> [Records provided]:
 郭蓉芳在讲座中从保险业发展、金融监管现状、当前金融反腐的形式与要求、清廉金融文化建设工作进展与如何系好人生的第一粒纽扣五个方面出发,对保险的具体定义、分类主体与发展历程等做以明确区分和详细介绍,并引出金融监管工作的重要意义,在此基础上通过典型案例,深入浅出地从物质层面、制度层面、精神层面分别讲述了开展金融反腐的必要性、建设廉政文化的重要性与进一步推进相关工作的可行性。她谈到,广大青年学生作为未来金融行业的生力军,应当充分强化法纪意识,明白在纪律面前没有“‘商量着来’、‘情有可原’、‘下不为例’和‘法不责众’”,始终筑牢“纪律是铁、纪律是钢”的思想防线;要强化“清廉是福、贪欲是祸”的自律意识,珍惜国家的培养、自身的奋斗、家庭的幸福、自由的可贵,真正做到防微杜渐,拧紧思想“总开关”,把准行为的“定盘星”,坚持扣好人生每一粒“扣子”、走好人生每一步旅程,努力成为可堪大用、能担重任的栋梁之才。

==

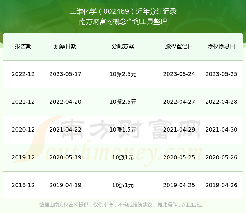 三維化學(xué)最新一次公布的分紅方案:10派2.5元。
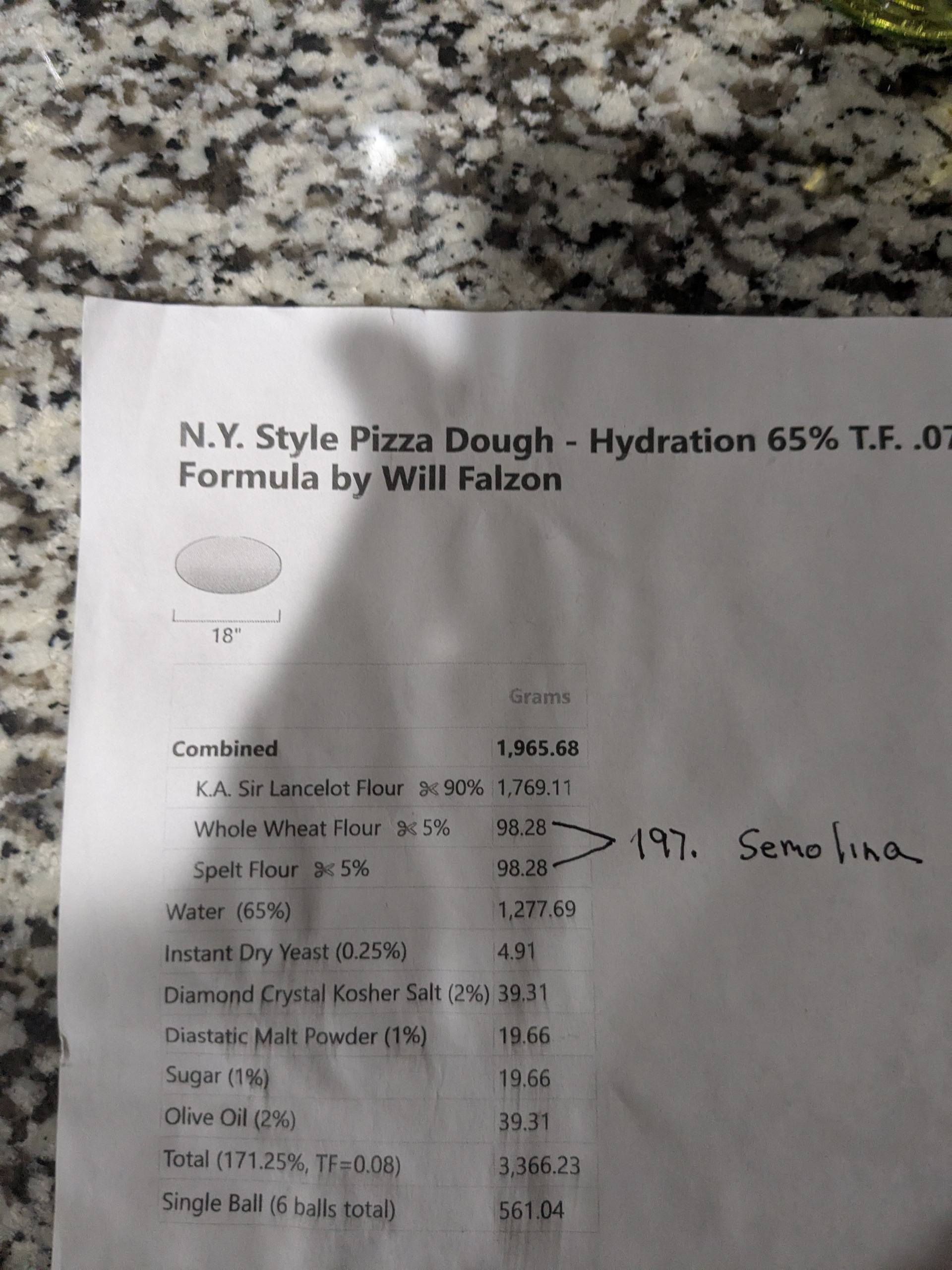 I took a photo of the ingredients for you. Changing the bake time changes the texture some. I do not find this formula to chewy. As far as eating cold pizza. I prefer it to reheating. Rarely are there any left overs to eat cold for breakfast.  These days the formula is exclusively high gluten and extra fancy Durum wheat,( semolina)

> [Work order]:
Give again, exactly as written above, each line from the one that has "三維化學(xué)最新一次公布的分紅方案:10派2.5元。" to the one that has "I took a photo", both included; omit the pictures.

> [Expected output]:
 三維化學(xué)最新一次公布的分紅方案:10派2.5元。
 I took a photo of the ingredients for you. Changing the bake time changes the texture some. I do not find this formula to chewy. As far as eating cold pizza. I prefer it to reheating. Rarely are there any left overs to eat cold for breakfast.  These days the formula is exclusively high gluten and extra fancy Durum wheat,( semolina)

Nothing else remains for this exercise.